= 1990s in the Republic of the Congo =

Republic of the Congo-related events during the 1990s

The 1990s in the Republic of the Congo, starting with a collapse of the People's Republic of the Congo single party government and the promise of multi-party democracy, gradually slid into political controversy, culminating in a 1997-99 Civil War.

After decades of turbulent politics, in 1992 Congo completed a transition to multi-party democracy. Ending a long history of one-party Marxist rule, a specific agenda for this transition was laid out during Congo's national conference of 1991 and culminated in August 1992 with multi-party presidential elections. Sassou-Nguesso conceded defeat and Congo's new president, Professor Pascal Lissouba, was inaugurated on August 31, 1992.

Congolese democracy experienced severe trials in 1993 and early 1994. The President dissolved the National Assembly in November 1992, calling for new elections in May 1993. The results of those elections sparked violent civil unrest in June and again in November. In February 1994 the decisions of an international board of arbiters were accepted by all parties, and the risk of large-scale insurrection subsided.

However, Congo's democratic progress derailed in 1997. As presidential elections scheduled for July 1997 approached, tensions between the Lissouba and Sassou camps mounted. The Congolese army, loyal to President Lissouba, attacked Sassou's compound in Brazzaville on June 5. While the Army said the operation was to search for arms, Sassou used the incident as a casus belli for armed insurrection, igniting a 4-month conflict that destroyed or damaged much of Brazzaville. Lissouba traveled throughout southern and central Africa in September, asking the governments of Rwanda, Uganda, and Namibia for assistance. Laurent Kabila, the new-President of the DRC, sent hundreds of troops into Brazzaville to fight on Lissouba's behalf. About 1,000 Angolan tanks, troops, and MiG fighter jets and arms donated by the French-government bolstered Sassou's rebels. Together these forces took Brazzaville and Pointe-Noire in the morning of 16 October. Lissouba fled the capital while his soldiers surrendered and citizens began looting. France had put its 600 citizens in Brazzaville, mostly oil workers, on alert for evacuation, but ultimately decided against the measure. Soon thereafter, Sassou declared himself president and named a 33-member government.

In January 1998 the Sassou regime held a National Forum for Reconciliation to determine the nature and duration of the transition period.

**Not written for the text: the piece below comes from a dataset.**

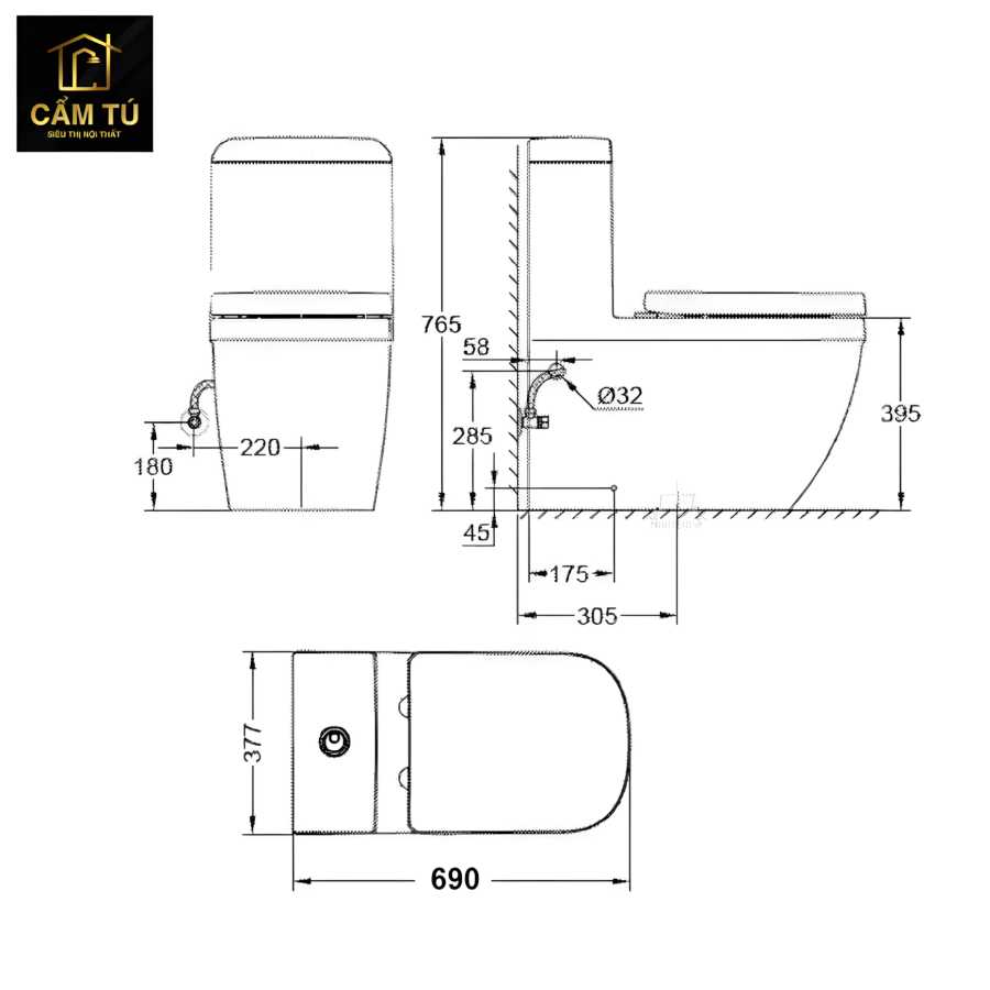 Kích thước tối ưu: Kích thước 690 x 377 x 765 mm giúp sản phẩm phù hợp với nhiều diện tích phòng tắm khác nhau, tạo sự cân đối và hài hòa.
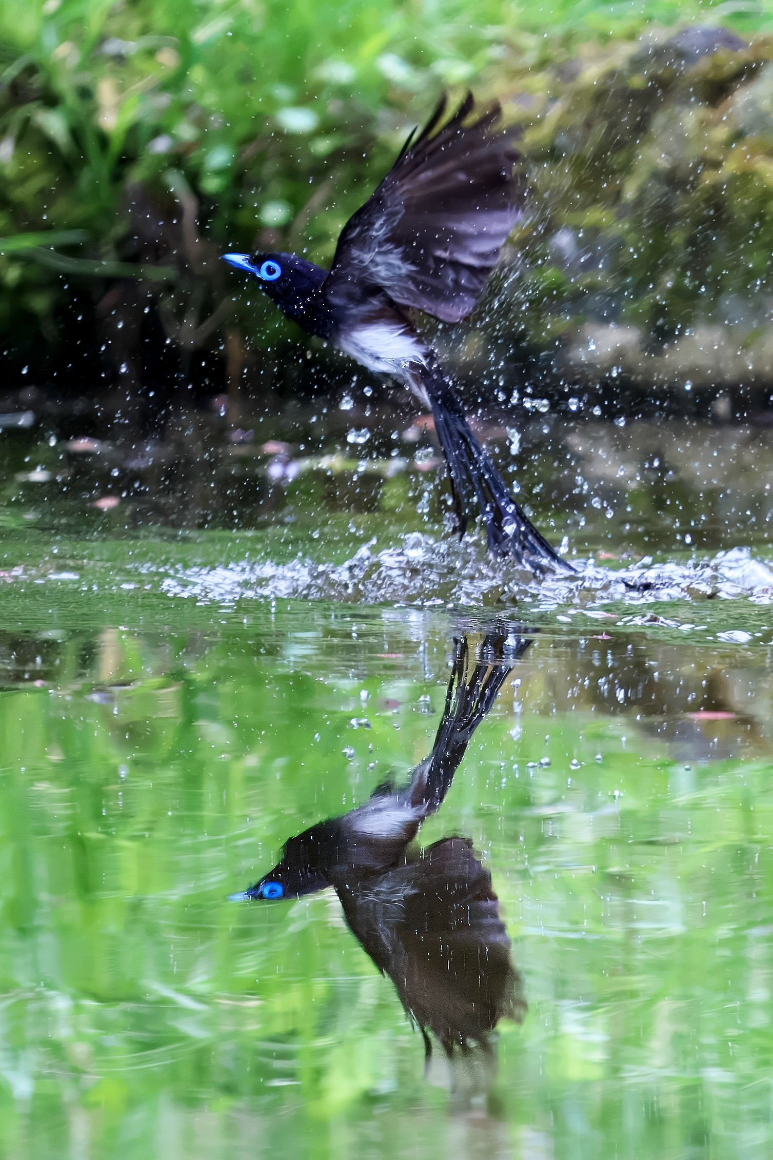 #サンコウチョウ#の水浴びです

The Forum, tightly controlled by the government, decided elections should be held in about 3 years, elected a transition advisory legislature, and announced that a constitutional convention would finalize a draft constitution. However, the eruption in late 1998 of fighting between Sassou's government forces and an armed opposition disrupted the transitional return to democracy. This new violence also closed the economically vital Brazzaville-Pointe-Noire railroad; caused great destruction and loss of life in southern Brazzaville and in the Pool, Bouenza, and Niari regions; and displaced hundreds of thousands of persons. However, in November and December 1999, the government signed agreements with representatives of many, though not all, of the rebel groups. The December accord, mediated by President Omar Bongo of Gabon, called for follow-on, inclusive political negotiations between the government and the opposition.